[[ Exercise materials, beginning ]]
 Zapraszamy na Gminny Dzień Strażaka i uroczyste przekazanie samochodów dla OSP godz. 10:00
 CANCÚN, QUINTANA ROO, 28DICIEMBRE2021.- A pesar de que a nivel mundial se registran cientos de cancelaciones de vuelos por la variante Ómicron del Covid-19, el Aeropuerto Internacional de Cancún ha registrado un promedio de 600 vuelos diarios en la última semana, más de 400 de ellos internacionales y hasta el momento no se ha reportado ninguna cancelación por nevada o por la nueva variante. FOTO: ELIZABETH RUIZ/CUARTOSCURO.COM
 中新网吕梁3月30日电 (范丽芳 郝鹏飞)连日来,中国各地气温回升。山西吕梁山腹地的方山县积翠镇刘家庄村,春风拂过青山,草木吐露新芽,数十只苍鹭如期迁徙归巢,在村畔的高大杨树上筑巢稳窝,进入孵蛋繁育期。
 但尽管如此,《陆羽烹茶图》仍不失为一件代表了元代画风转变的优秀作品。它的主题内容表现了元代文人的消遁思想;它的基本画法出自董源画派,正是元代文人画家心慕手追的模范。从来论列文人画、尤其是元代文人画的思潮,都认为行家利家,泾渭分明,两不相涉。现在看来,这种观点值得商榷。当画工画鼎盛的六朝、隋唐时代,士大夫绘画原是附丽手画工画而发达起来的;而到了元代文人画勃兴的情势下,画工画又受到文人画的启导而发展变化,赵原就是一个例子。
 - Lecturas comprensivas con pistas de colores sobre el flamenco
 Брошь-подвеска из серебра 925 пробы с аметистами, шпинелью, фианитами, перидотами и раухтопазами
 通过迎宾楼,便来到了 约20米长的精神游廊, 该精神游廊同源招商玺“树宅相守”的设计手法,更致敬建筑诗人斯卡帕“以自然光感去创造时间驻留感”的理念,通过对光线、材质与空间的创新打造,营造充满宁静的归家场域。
[[ Exercise materials, end ]]
[[ Exercise materials, beginning ]]
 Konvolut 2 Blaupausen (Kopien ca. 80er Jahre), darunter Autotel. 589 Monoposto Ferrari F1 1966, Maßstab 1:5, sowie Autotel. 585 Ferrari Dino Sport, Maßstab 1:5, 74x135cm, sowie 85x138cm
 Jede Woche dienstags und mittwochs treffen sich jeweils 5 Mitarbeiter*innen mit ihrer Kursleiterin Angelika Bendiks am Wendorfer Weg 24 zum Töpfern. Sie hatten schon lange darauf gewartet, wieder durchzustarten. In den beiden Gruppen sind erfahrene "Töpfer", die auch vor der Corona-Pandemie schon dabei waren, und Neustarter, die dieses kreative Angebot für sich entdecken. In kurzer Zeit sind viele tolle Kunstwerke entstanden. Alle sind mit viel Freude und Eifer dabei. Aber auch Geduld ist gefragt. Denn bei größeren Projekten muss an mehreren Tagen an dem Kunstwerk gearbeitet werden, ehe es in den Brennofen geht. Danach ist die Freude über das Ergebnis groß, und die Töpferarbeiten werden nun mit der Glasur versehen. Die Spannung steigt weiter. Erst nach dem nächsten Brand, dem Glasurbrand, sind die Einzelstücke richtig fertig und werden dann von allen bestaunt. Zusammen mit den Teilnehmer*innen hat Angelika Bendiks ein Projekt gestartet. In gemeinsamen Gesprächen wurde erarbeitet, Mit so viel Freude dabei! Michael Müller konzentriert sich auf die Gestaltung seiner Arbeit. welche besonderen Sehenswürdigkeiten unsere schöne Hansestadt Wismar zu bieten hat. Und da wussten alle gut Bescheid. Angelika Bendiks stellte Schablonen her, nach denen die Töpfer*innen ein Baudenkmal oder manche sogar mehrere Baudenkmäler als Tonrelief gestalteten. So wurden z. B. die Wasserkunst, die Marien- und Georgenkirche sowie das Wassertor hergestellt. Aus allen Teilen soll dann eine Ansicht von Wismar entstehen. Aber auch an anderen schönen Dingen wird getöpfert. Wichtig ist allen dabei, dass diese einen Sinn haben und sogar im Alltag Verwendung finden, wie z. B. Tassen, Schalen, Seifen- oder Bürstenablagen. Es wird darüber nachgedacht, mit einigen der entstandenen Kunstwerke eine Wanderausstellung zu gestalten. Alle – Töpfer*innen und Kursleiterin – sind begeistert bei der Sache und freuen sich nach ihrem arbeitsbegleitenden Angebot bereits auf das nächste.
[[ Exercise materials, end ]]
### Assignment
An exact copy of the lines above, from the one containing "但尽管如此,《陆羽烹茶图》仍" through the one containing "- Lecturas comprensivas", is the whole of the answer.

### Answer to the problem
 但尽管如此,《陆羽烹茶图》仍不失为一件代表了元代画风转变的优秀作品。它的主题内容表现了元代文人的消遁思想;它的基本画法出自董源画派,正是元代文人画家心慕手追的模范。从来论列文人画、尤其是元代文人画的思潮,都认为行家利家,泾渭分明,两不相涉。现在看来,这种观点值得商榷。当画工画鼎盛的六朝、隋唐时代,士大夫绘画原是附丽手画工画而发达起来的;而到了元代文人画勃兴的情势下,画工画又受到文人画的启导而发展变化,赵原就是一个例子。
 - Lecturas comprensivas con pistas de colores sobre el flamenco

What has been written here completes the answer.